You can cancel the subscription now. It has a real dollar value and you can see it clearly on the next bill. What you gained has a different value that doesn’t show up on any invoice: sovereignty over your intelligence stack. One more layer decentralized.
And if you did the heating-with-inference trick, the whole setup is also warming your house. Your Hashcenter heats your building and runs your cognitive stack. The electricity bill is one bill. The value stack is layered. That’s the pleb’s arbitrage.
If you’re still planning the hardware, the S19-to-AI-Hashcenter path is the cheapest on-ramp. If you’re comparing runtimes, we wrote up LM Studio vs Ollama vs llama.cpp. If you’re wondering why Q4_K_M keeps appearing in model names, see the quantization explainer.
Closing
Local LLM. OpenAI-compatible API. A whole generation of tools that were written to speak that API. That’s the stack. Every integration in this post is the same shape — change the base URL, type ollama into the API key field, pick a model. Once you’ve done it twice it stops feeling like a hack and starts feeling like the default way software should be wired.
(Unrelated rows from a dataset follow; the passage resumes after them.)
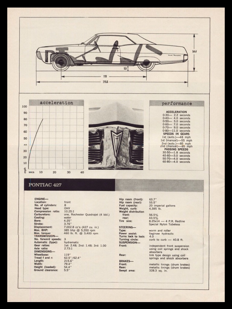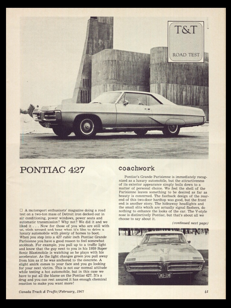 I like 67's best w/ this year specific hideaway nose style also because they didn't share the '68 GP's uncomfortable tail styling. Gold w/ the Stick sure goes nicely w/ the whole Hurst thing too, just add Linda and what more could a fella need! ![]() ![]() Check out this 02/67 Track&Traffic article on the Grande Parisienne version we got here in Canada...w/ Chevy L36/M40! As regular Chevy's, no L72 for '67 and L36 as good as it gets although a different gear choice for the test car would've been nice. ![]() ~ Pete .
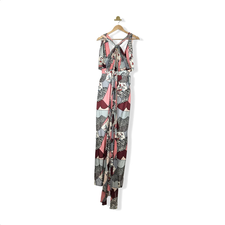 - Ready to Wear 2006 collection. Abstract print maxi dress with open keyhole detail on front, v-neck back and gathered detail on front. Back zip closure. Signs of loose thread on front (pictured). Missing designer and size label, looks like a size X-Small. Please check measurements for accurate sizing.
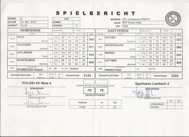Das OÖ-Cup-Spiel Polizei Wels 4 gegen SK Sparkasse Lambach 2 war keine große Hürde. Aber in der nächsten Runde wirds schon etwas schwerer, denn in der nächsten Cup-Runde hat man es mit Polizei Wels 3 zu tun!! |
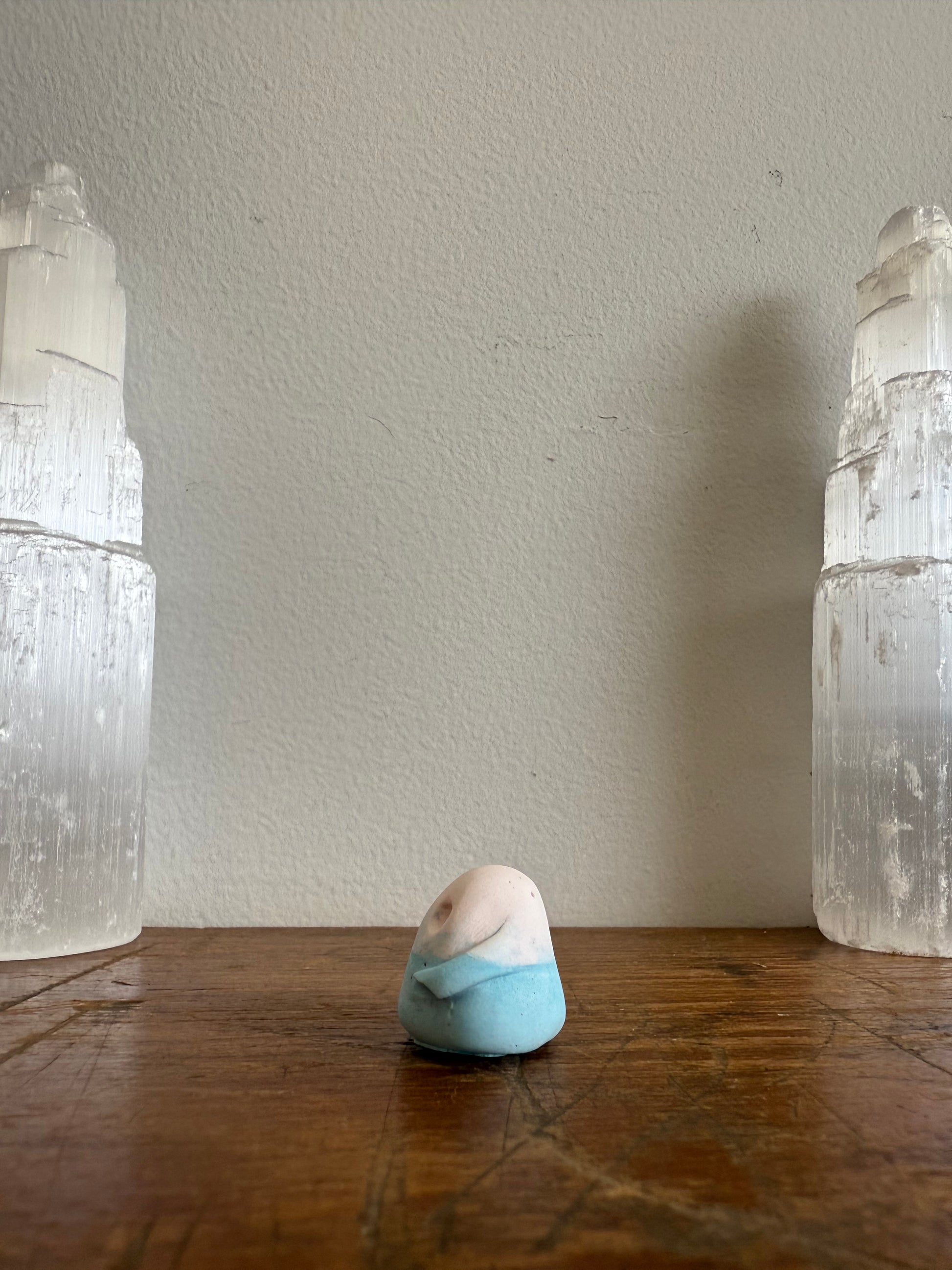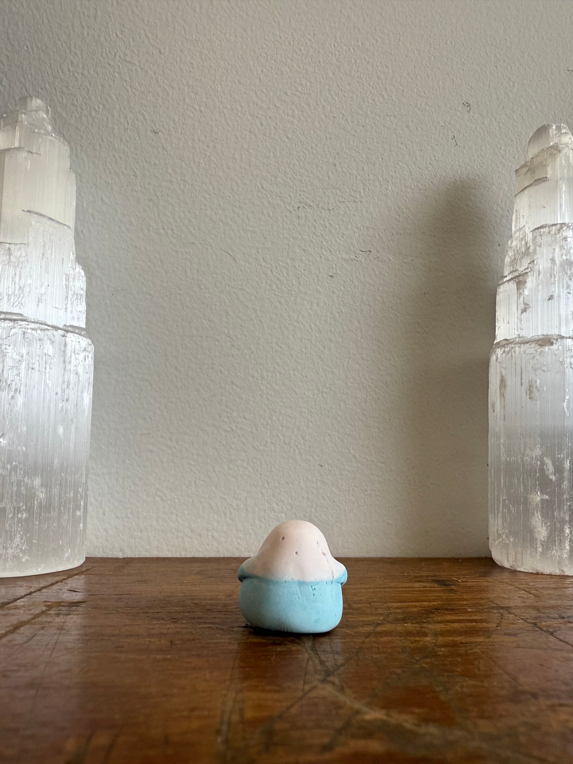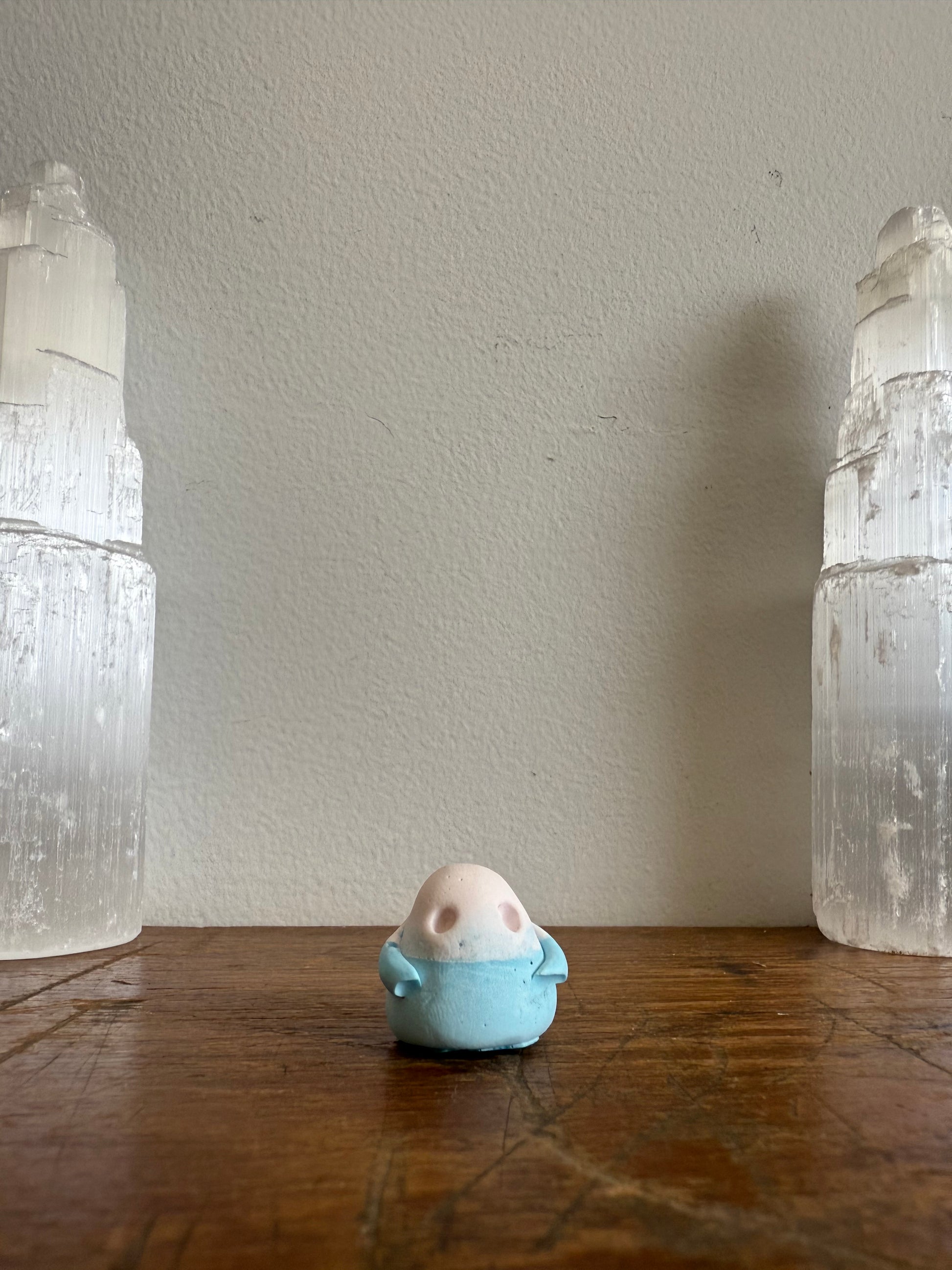 This Domie pictured features 2 separate colours on it's body. The head and face are a very pale Pink (Almost white), the base is a sky blue. It has thin arms that wrap around it's body. It is approximately 2cm tall.

You now have a daily driver AI stack that depends on zero third-party services. Your voice commands, your notes, your code, your phone prompts — all routed through a machine you own, in a building you’re standing in. That’s what owning your intelligence looks like. One more layer decentralized.
Further reading: the Sovereign AI for Bitcoiners Manifesto for the why; the Pleb’s Guide to Self-Hosted AI for the map of everything.
Cancel the subscription. Keep the capabilities. Welcome home.